Re-seat the hashboard signal cables before the next flash. Errors `540`–`542` (SM0/1/2 reading chip id error) cascade up and can present as upgrade failures whenever the hashboard ID read fails during `btminer` startup. Power off, unscrew, re-seat each ribbon, verify no bent pins, reassemble. Clean the intake filters while you are in there — a miner that immediately thermal-throttles post-flash will re-trigger the upgrade state machine.

14

Attempt an eMMC image verify via WhatsminerTool's offline mode. If the upgrade completes but the miner still won't boot, export `system.log`, `miner.log`, `upfreq_test.log`, and `power.log` from the recovery interface. Search for `md5`, `verify`, `signature`, and `checksum` lines.

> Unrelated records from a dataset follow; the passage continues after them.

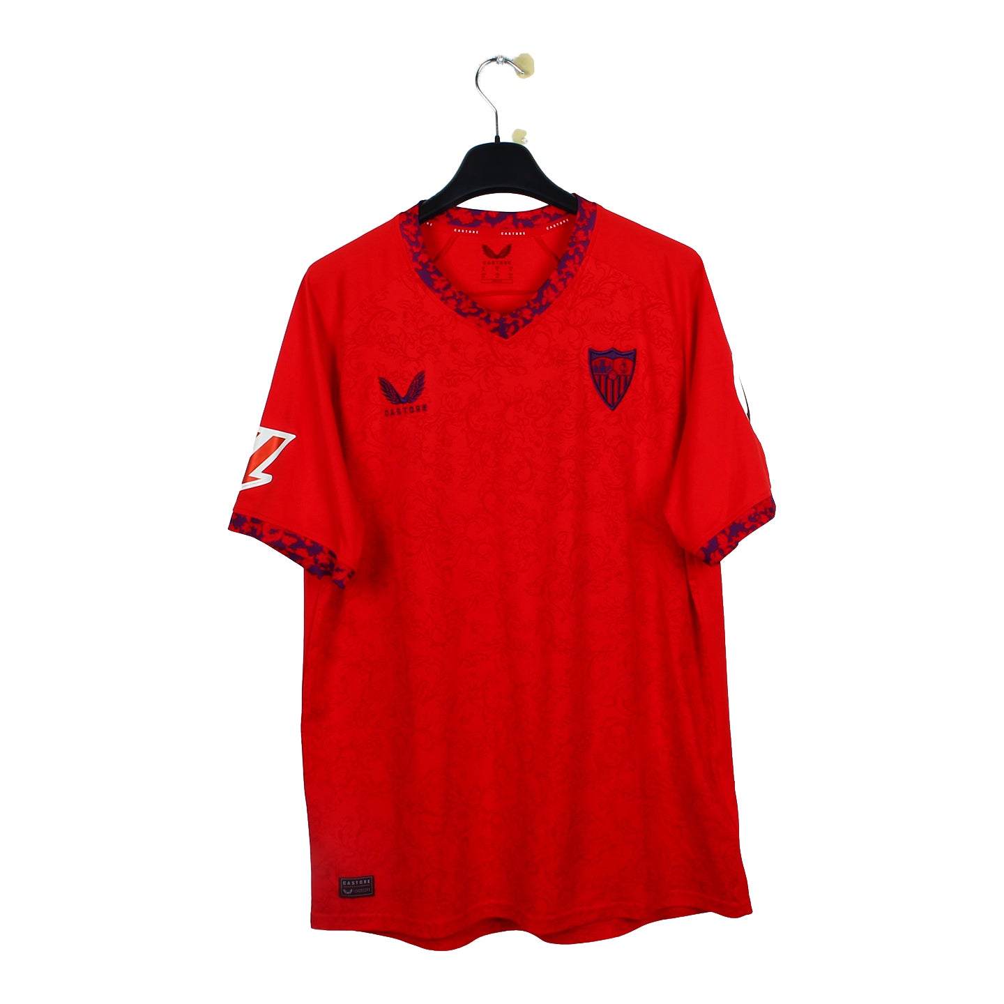 Le maillot en détail : Maillot porté par Loic Badé face à l'Espanyol Barcelone dans une excellente conservation. Victoire 2-0 à l'extérieur. Signature du joueur dans le numéro au dos.
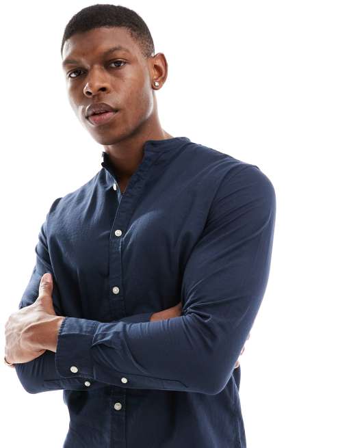 Jack & Jones - Marineblå skjorte med grandad-krave i hørblanding
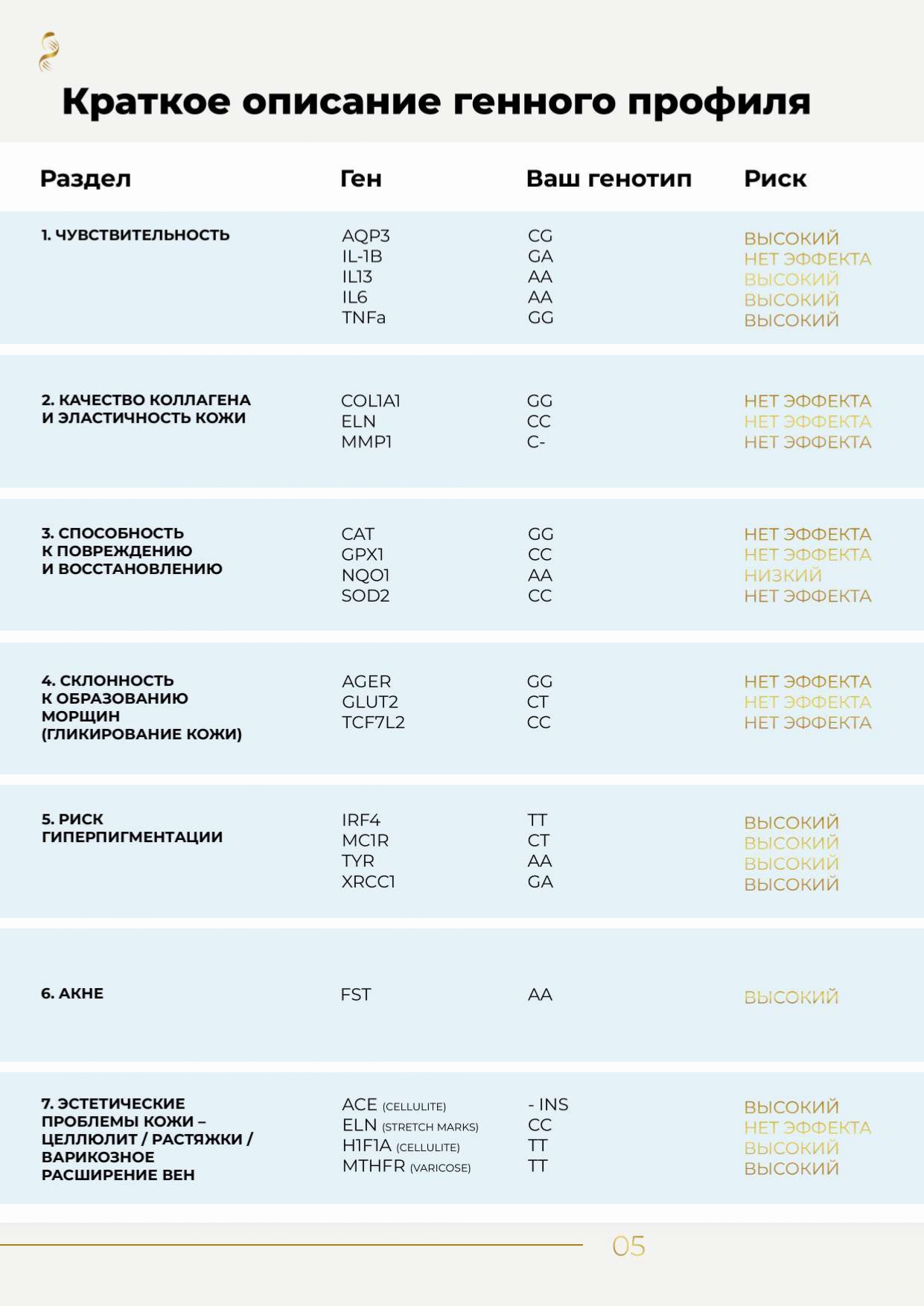 Данные отчета являются персонализированной генетикой и эффективно могут быть использованы только для конкретного человека.

A signature-verify failure on an image that matched your hardware usually means eMMC corruption: the image wrote cleanly but a bad block is flipping bits on read.

15

If all flash paths fail and serial is alive, document and stop. You have a working bootloader but an unresponsive OS path — classic eMMC-wearout signature. Capture the full `u-boot` banner plus the first 200 lines of kernel-load output, screenshot the WhatsminerTool log export, and package it for D-Central's bench. Do NOT flash a modded or community-repackaged image in a last-ditch attempt; on signed builds that move escalates a recoverable event into a JTAG job.

16

Stop DIY when: (a) UART prints nothing on power-up, (b) three consecutive signature-verified flashes fail with eMMC or kernel-load errors, (c) visible scorch or corrosion on the control board, or (d) the miner entered recovery right after a custom-firmware install gone sideways. Any one of these and you are in bench territory. Book a D-Central ASIC Repair slot at `https://d-central.tech/services/asic-repair/` — we serve Canada, the US, and ship internationally.

17

D-Central bench process: fixture-powered control-board isolation, direct eMMC read/write via JTAG where needed, replacement of the eMMC device or the whole control board from graded-stock inventory, factory-image restoration signed to the correct sub-model, hashboard EEPROM re-validation, and a 24-hour nameplate burn-in before the unit ships back. Typical turnaround: 5 to 10 business days door-to-door inside Canada; longer for international.

18

Ship safely. Remove the control board from the chassis, wrap in an anti-static bag, and pack inside a rigid box with at least 5 cm of foam on every side. Include a note with observed symptoms, last firmware version attempted, and contact info — good notes save diagnostic time, and diagnostic time is the cost driver on a control-board repair. Tracked shipping only; no bubble-mailer attempts.

When to Seek Professional Repair

If the steps above do not resolve the issue, or if you are not comfortable performing these repairs yourself, professional service is recommended. Attempting advanced repairs without proper equipment can cause further damage.